:: Task to complete ::
Return the entries below in their exact form, leaving the pictures out.

%%

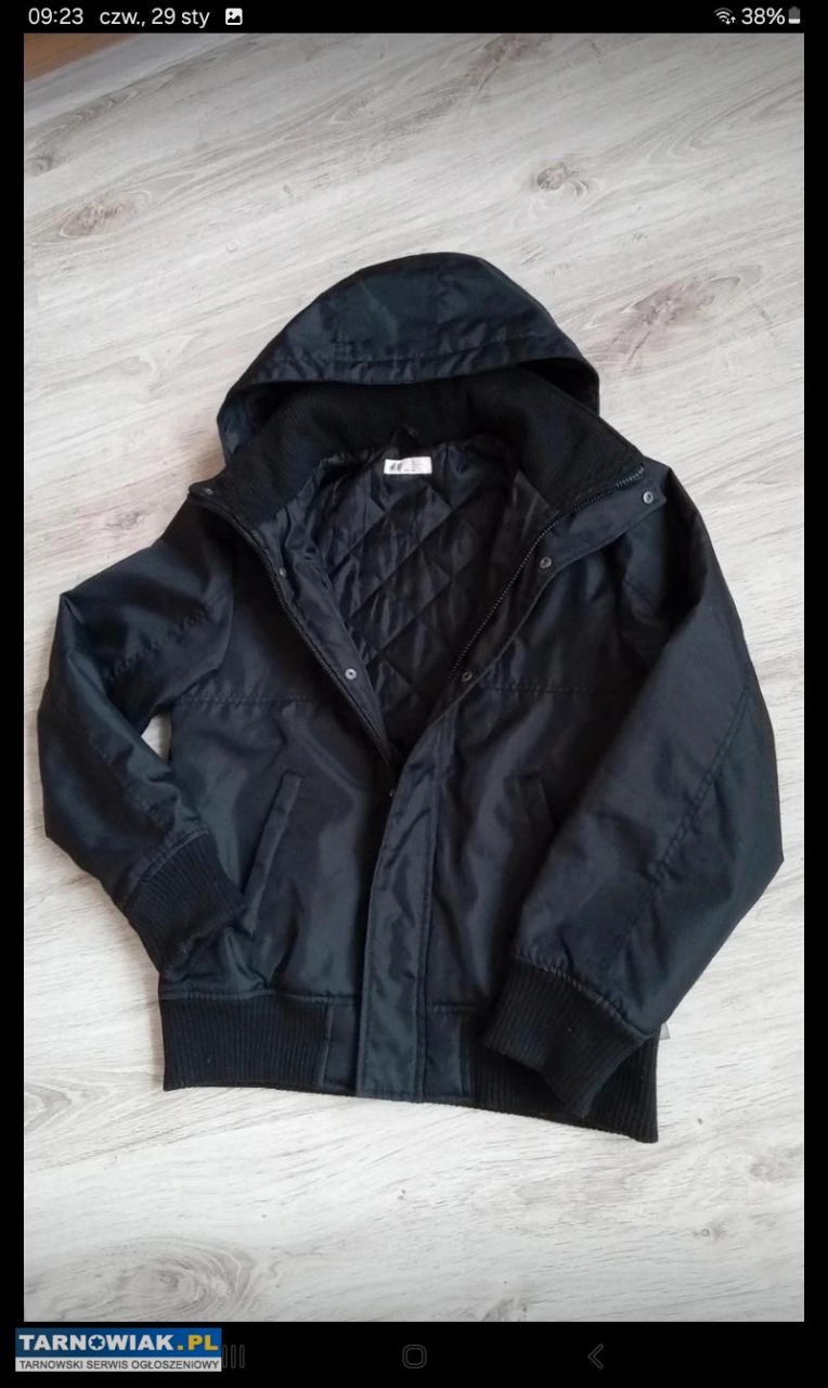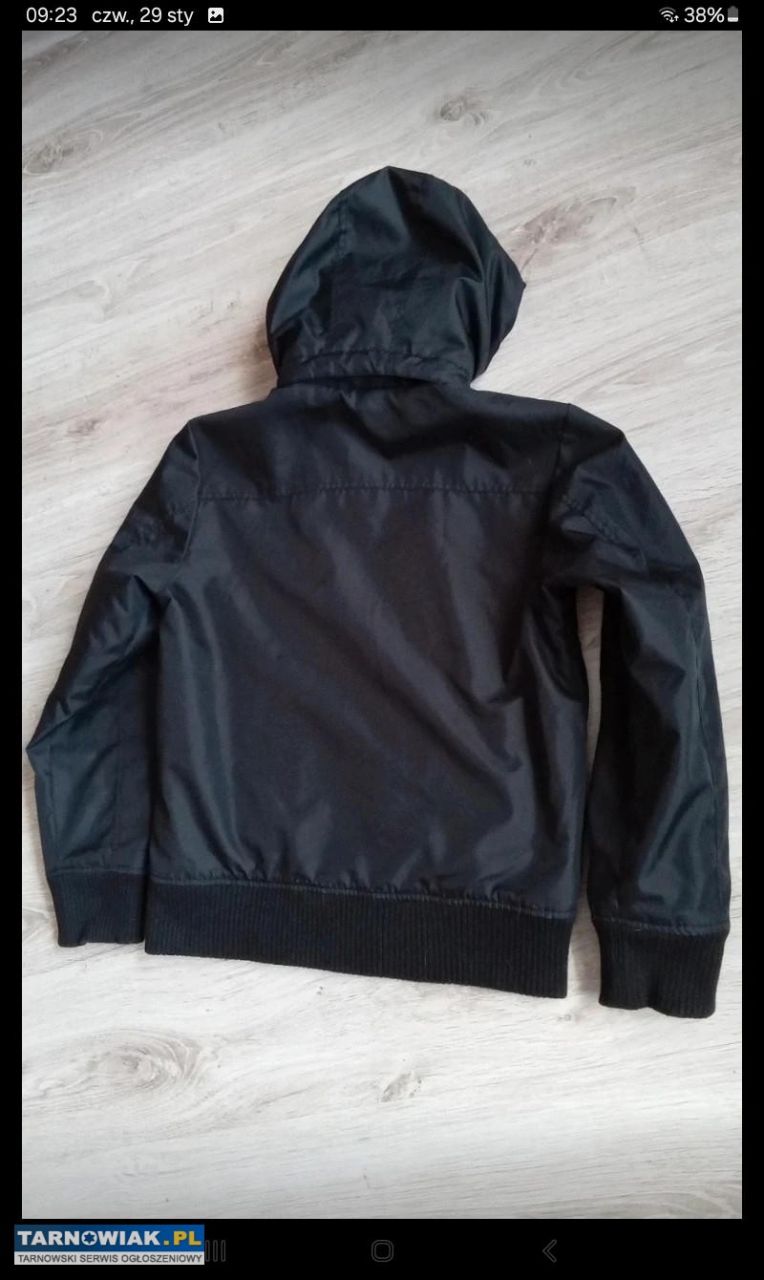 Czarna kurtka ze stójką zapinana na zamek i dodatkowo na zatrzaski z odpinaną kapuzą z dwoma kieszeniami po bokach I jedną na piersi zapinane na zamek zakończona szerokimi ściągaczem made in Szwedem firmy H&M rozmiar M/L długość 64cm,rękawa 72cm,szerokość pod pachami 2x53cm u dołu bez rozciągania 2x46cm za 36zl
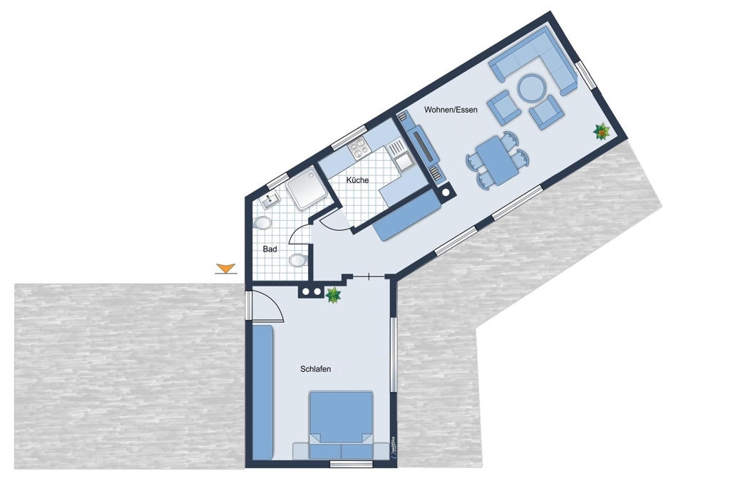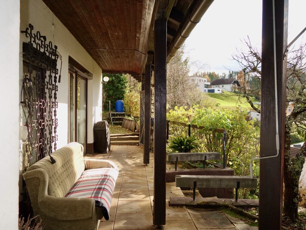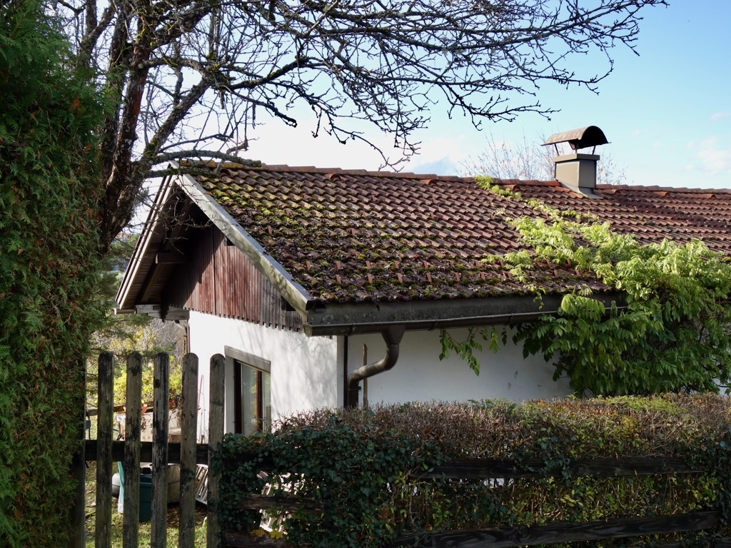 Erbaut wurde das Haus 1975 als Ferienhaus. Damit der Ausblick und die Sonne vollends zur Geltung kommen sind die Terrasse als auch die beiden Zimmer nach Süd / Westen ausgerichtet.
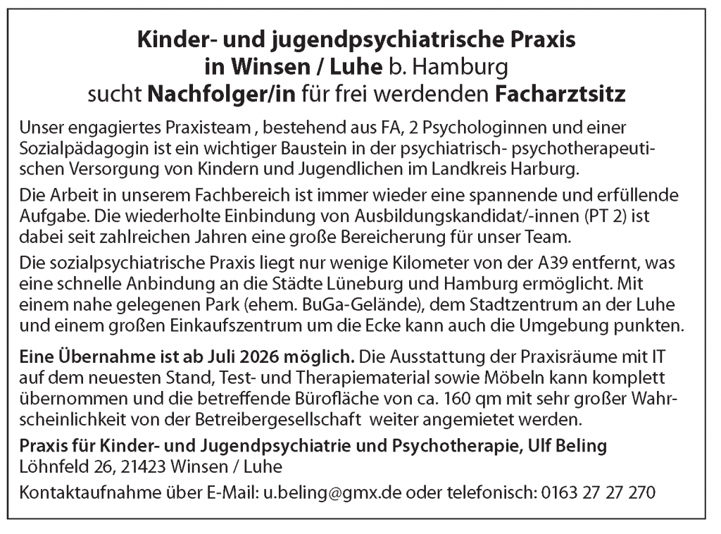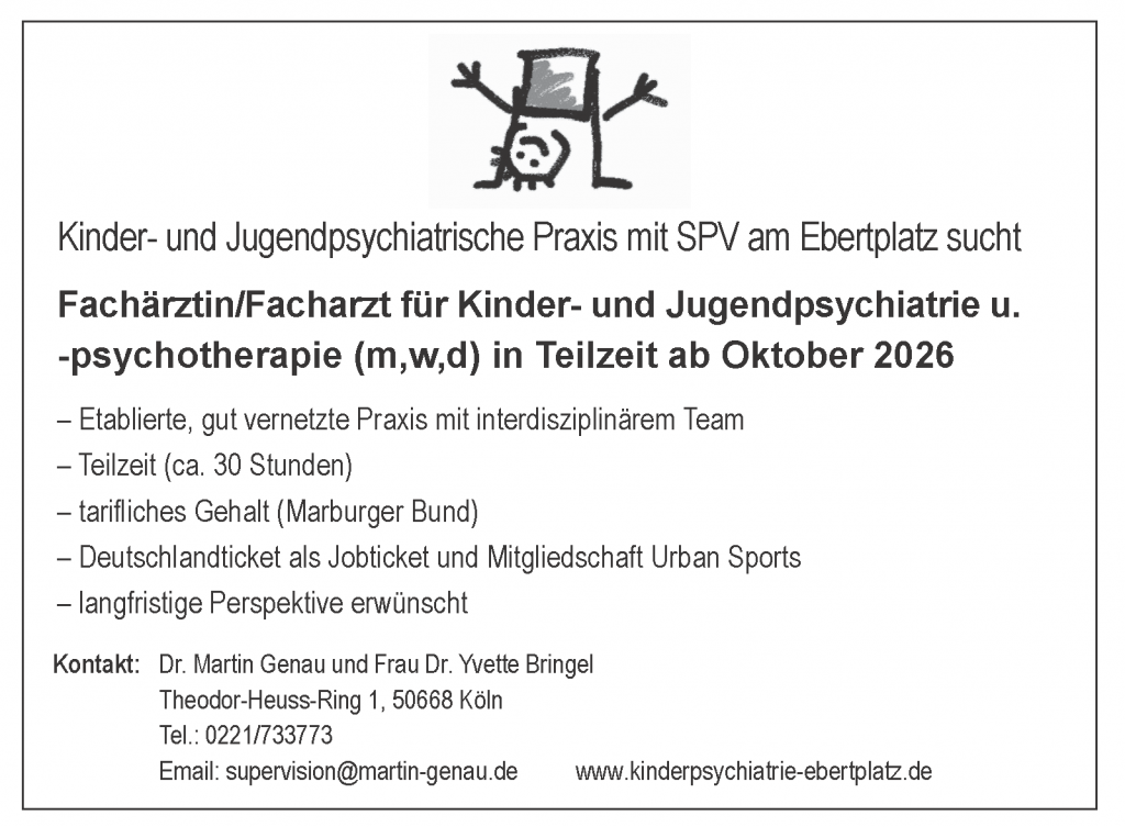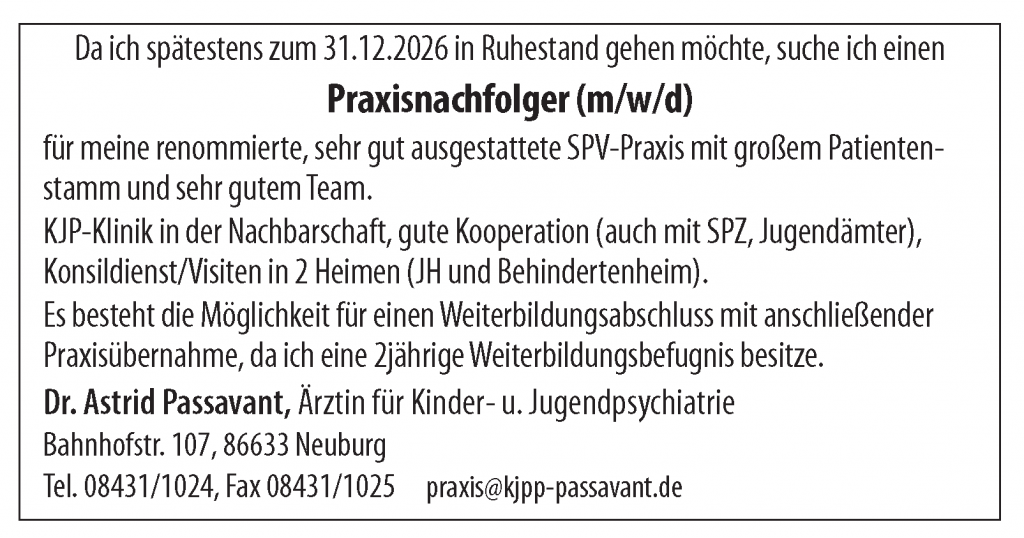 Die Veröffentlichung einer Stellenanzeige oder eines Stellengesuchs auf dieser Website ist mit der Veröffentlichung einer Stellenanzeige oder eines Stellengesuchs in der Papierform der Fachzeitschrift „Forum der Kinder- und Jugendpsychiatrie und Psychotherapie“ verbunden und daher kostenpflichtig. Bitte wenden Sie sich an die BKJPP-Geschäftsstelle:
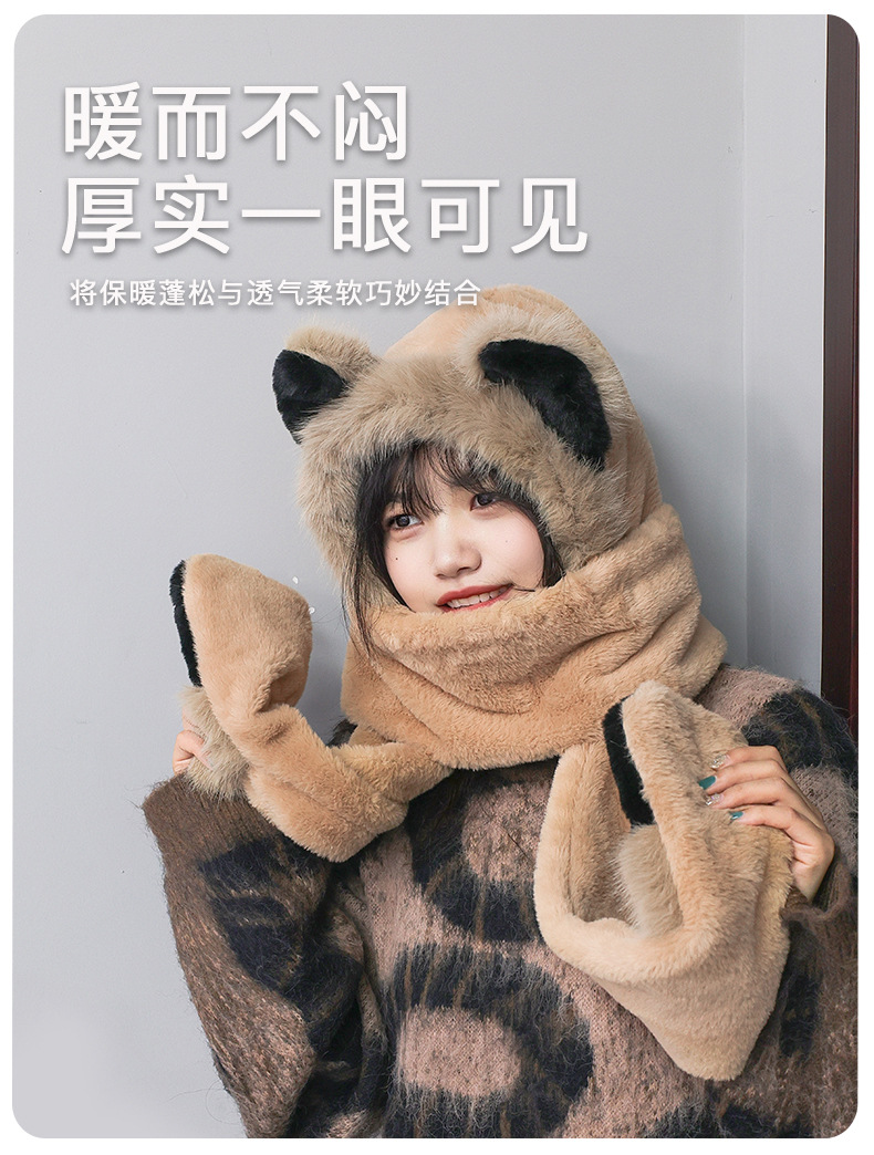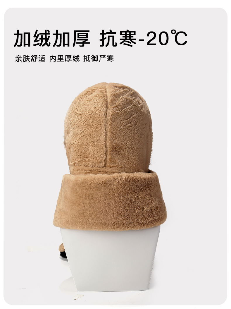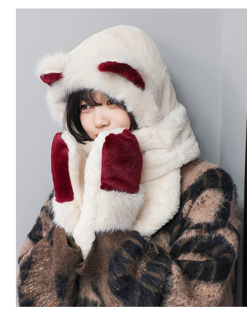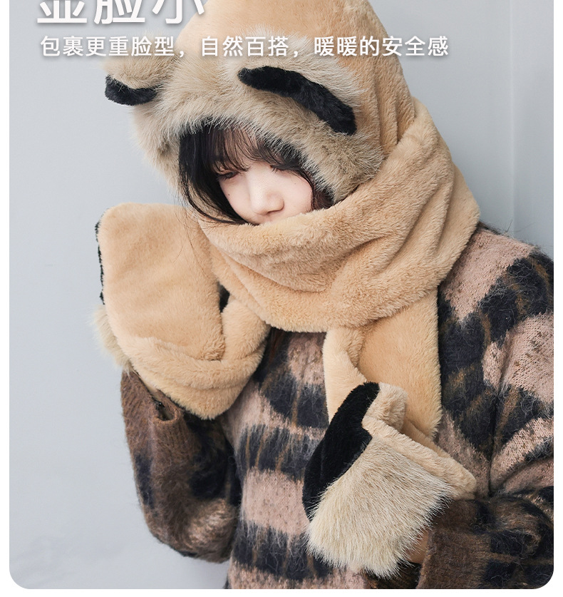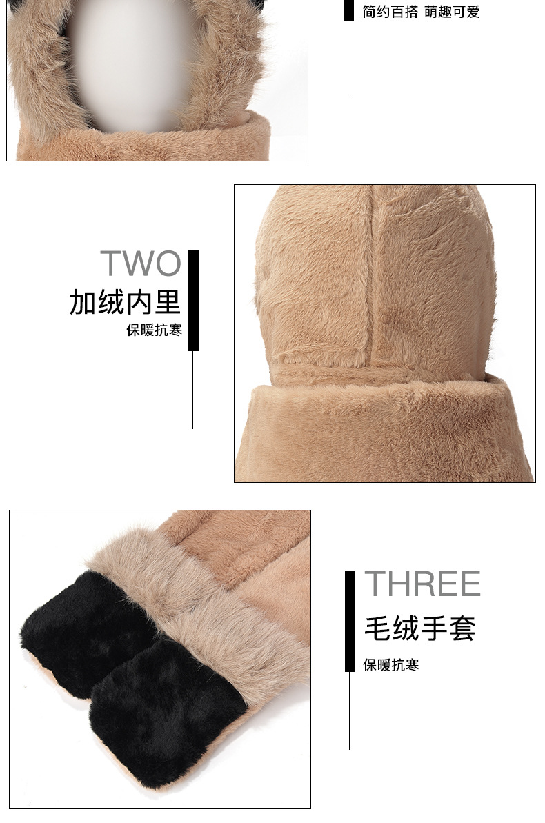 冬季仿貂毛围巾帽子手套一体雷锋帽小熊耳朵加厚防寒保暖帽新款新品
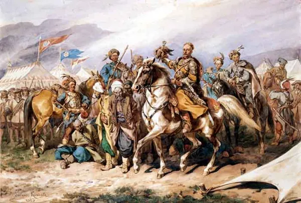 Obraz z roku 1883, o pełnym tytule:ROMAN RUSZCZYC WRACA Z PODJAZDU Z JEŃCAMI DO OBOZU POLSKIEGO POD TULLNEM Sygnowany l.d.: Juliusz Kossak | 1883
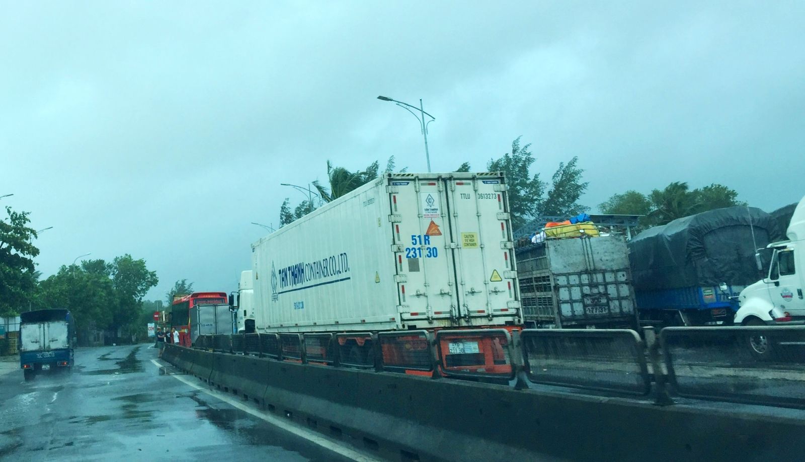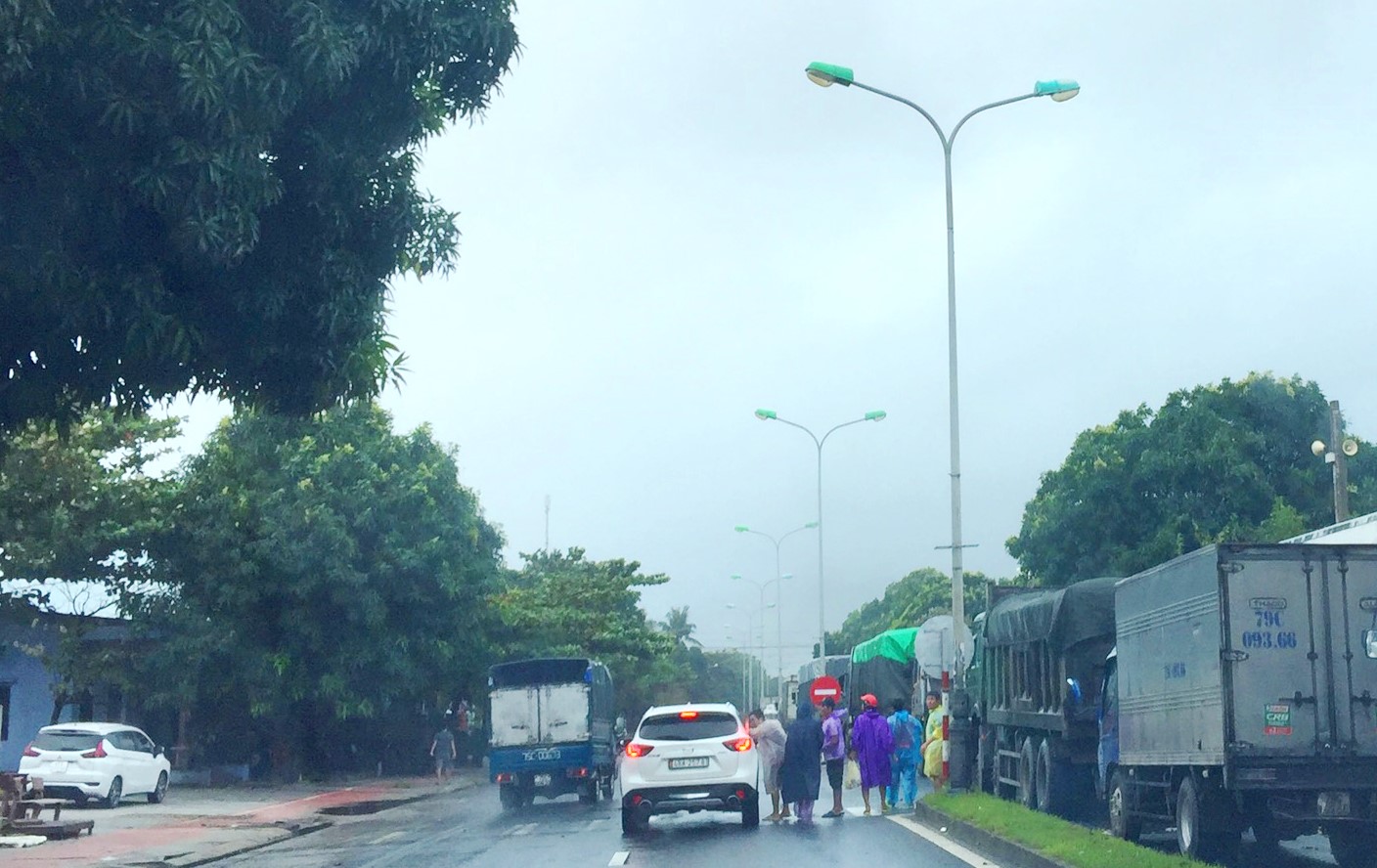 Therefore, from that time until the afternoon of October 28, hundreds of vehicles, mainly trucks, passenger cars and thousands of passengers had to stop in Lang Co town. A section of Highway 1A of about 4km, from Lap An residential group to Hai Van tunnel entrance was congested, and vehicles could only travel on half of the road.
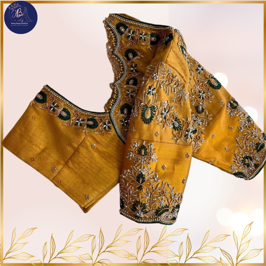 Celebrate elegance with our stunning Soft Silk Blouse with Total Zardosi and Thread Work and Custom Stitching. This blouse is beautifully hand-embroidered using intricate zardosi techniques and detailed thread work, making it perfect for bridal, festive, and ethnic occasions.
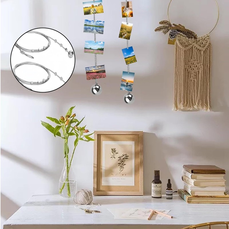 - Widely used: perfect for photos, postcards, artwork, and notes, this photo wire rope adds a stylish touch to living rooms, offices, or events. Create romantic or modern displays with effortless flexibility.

%%

:: Response to this task ::
 Czarna kurtka ze stójką zapinana na zamek i dodatkowo na zatrzaski z odpinaną kapuzą z dwoma kieszeniami po bokach I jedną na piersi zapinane na zamek zakończona szerokimi ściągaczem made in Szwedem firmy H&M rozmiar M/L długość 64cm,rękawa 72cm,szerokość pod pachami 2x53cm u dołu bez rozciągania 2x46cm za 36zl
 Erbaut wurde das Haus 1975 als Ferienhaus. Damit der Ausblick und die Sonne vollends zur Geltung kommen sind die Terrasse als auch die beiden Zimmer nach Süd / Westen ausgerichtet.
 Die Veröffentlichung einer Stellenanzeige oder eines Stellengesuchs auf dieser Website ist mit der Veröffentlichung einer Stellenanzeige oder eines Stellengesuchs in der Papierform der Fachzeitschrift „Forum der Kinder- und Jugendpsychiatrie und Psychotherapie“ verbunden und daher kostenpflichtig. Bitte wenden Sie sich an die BKJPP-Geschäftsstelle:
 冬季仿貂毛围巾帽子手套一体雷锋帽小熊耳朵加厚防寒保暖帽新款新品
 Obraz z roku 1883, o pełnym tytule:ROMAN RUSZCZYC WRACA Z PODJAZDU Z JEŃCAMI DO OBOZU POLSKIEGO POD TULLNEM Sygnowany l.d.: Juliusz Kossak | 1883
 Therefore, from that time until the afternoon of October 28, hundreds of vehicles, mainly trucks, passenger cars and thousands of passengers had to stop in Lang Co town. A section of Highway 1A of about 4km, from Lap An residential group to Hai Van tunnel entrance was congested, and vehicles could only travel on half of the road.
 Celebrate elegance with our stunning Soft Silk Blouse with Total Zardosi and Thread Work and Custom Stitching. This blouse is beautifully hand-embroidered using intricate zardosi techniques and detailed thread work, making it perfect for bridal, festive, and ethnic occasions.
 - Widely used: perfect for photos, postcards, artwork, and notes, this photo wire rope adds a stylish touch to living rooms, offices, or events. Create romantic or modern displays with effortless flexibility.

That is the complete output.